I am using the following code to direct all www requests to non-www URLs:

RewriteEngine On
RewriteCond %{HTTP_HOST} ^www\.example\.org$ [NC]
RewriteRule ^(.*)$ http://example.com/$1 [R=301,L]

This works great inside an .htaccess file in the root of my website.
For example,
www.example.com -> example.com/
www.example.com/ -> example.com/
www.example.com/other_page -> example.com/other_page

However, if I move this same code into my VirtualHost configuration, the rewritten URLs contain a double trailing slash.
www.example.com -> example.com//
www.example.com/ -> example.com//
www.example.com/other_page -> example.com//other_page

I fixed it by removing the slash from the rewrite rule:

RewriteEngine On
RewriteCond %{HTTP_HOST} ^www\.example\.org$ [NC]
RewriteRule ^(.*)$ http://example.com$1 [R=301,L]

But I can't understand the reason for this. Anyone know why?

4 Answers 4

10

As I understand it, in .htaccess files, the string that mod_rewrite processes in your rule is relative to the directory the .htaccess file is in, so it will not have a / at the start.

In the VirtualHost entry, the string it processes is absolute to the root of the server, and so includes the /.

It makes for subtle differences in how mod_rewrite works.

Here is someone with a similar problem, and solution:

http://forum.modrewrite.com/viewtopic.php?p=56322&sid=77f72967f59200b5b5de174440234c3a

This should work in both cases, assuming I remember my escaping correctly:

RewriteEngine On
RewriteCond %{HTTP_HOST} ^www\.example\.org$ [NC]
RewriteRule ^\/?(.*?)$ http://example.com/$1 [R=301,L]
4
  • Thanks! Now I understand why, at least. However, is this better for some reason than just removing the / before the $1 like I show in my original question?
    – davekaro
    Commented Jun 11, 2009 at 16:04
  • 1
    No better or worse, it is just a block that you can swap between .htaccess of VirtualHost without having to edit it each time to handle context differences. If your way works for you, stick with it! :)
    – Neobyte
    Commented Jun 11, 2009 at 16:45
  • Oh that's right - your method will work in both .htaccess and VirtualHost.

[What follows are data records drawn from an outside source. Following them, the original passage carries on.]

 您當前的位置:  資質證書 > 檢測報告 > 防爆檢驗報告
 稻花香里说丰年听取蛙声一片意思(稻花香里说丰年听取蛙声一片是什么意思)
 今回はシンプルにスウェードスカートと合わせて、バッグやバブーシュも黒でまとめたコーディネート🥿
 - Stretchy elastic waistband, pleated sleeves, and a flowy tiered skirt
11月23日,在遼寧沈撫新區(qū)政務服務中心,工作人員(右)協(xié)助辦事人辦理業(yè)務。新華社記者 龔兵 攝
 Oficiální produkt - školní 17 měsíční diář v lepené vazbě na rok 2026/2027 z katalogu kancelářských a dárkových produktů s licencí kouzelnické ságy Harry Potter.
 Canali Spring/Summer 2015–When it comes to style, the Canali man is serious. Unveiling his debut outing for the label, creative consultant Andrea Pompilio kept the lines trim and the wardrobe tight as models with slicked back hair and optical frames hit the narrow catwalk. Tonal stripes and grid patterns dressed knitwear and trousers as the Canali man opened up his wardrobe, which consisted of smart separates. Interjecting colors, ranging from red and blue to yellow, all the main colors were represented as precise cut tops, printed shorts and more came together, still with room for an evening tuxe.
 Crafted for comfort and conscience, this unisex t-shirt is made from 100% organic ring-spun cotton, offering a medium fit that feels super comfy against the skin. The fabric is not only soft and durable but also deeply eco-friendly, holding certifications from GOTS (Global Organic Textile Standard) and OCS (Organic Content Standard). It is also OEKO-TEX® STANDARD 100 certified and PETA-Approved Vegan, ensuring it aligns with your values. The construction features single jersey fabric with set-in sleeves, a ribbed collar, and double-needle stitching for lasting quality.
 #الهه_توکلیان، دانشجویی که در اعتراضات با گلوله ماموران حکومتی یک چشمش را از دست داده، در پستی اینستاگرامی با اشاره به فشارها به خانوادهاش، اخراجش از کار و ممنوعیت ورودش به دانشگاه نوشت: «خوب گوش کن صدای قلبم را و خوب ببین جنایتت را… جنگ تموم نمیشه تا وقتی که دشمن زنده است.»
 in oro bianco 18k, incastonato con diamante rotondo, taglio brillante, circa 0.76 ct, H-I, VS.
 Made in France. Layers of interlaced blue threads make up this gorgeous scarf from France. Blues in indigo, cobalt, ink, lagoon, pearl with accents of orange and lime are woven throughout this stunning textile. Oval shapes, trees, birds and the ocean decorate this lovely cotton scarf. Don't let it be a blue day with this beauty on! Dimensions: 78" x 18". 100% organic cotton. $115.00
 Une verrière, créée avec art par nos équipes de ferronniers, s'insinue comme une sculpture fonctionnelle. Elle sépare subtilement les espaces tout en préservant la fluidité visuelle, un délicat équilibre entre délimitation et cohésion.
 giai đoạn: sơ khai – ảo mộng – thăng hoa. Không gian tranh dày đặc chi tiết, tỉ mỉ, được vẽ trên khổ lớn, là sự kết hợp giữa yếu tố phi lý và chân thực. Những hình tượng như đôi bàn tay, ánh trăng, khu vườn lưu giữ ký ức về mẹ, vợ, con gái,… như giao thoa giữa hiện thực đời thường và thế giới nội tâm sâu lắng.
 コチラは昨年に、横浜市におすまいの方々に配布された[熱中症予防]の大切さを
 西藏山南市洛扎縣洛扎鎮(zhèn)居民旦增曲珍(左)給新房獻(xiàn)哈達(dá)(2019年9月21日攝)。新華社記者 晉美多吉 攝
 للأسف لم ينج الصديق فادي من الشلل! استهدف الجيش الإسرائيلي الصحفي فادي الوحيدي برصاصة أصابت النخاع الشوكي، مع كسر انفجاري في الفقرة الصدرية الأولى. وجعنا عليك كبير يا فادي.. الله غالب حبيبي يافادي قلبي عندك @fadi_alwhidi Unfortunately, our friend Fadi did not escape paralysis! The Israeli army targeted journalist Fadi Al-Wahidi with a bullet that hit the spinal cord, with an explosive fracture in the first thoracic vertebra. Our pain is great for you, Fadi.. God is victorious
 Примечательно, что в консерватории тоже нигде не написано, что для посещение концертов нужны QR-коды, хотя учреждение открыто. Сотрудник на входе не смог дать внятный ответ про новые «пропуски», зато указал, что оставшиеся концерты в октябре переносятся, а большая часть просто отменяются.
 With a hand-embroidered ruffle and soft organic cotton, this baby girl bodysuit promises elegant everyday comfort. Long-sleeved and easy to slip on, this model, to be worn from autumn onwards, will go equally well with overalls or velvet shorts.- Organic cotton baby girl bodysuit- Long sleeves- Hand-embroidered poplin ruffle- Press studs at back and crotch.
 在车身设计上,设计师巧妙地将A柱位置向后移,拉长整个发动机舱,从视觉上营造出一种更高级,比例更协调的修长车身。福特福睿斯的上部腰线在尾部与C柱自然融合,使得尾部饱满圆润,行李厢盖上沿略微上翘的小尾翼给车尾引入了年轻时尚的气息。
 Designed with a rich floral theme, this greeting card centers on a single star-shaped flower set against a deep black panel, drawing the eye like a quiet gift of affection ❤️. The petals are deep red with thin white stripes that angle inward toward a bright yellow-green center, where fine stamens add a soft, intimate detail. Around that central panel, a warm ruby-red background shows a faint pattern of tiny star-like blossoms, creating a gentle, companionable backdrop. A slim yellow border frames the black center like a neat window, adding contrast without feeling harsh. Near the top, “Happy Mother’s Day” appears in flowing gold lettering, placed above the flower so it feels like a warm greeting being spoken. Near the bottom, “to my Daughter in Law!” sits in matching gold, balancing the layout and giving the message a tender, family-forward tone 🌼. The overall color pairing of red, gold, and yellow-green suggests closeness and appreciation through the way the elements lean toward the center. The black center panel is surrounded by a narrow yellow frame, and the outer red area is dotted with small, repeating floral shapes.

That makes it better IMO :)
    – davekaro
    Commented Jun 11, 2009 at 16:50
  • 4
    I had the exact same problem as @davekaro and tried your solution. The last line didn't work for me. RewriteRule ^/?(.*)$ http://example.com/$1 [R=301,L] did the trick. Commented Jan 16, 2011 at 22:44
2

It is happening because you are capturing an initial slash with (.*) and then applying another slash before it in the new location /$1. It didn't happen before because mod_rewrite behaves slightly differently when operating in a per-directory context as opposed to a per-server context.

You could avoid this by optionally pre-empting the slash. Additionally you can use RedirectMatch in an empty VirtualHost with your surplus domains, which creates a bit less processing and can look cleaner.

<VirtualHost *>
ServerName example.com
ServerAlias other.example.com
..
RedirectMatch permanent ^/?(.*) http://example.com/$1
</VirtualHost>

1
  • Nice. I like the RedirectMatch approach. I will probably go with this since it really is a redirect that I want to accomplish.
    – davekaro
    Commented Jun 11, 2009 at 16:10
1

I'm including this post for completeness.

The Apache documentation explains why this behaviour occurs very well and is the reason that the 'RewriteBase' directive exists.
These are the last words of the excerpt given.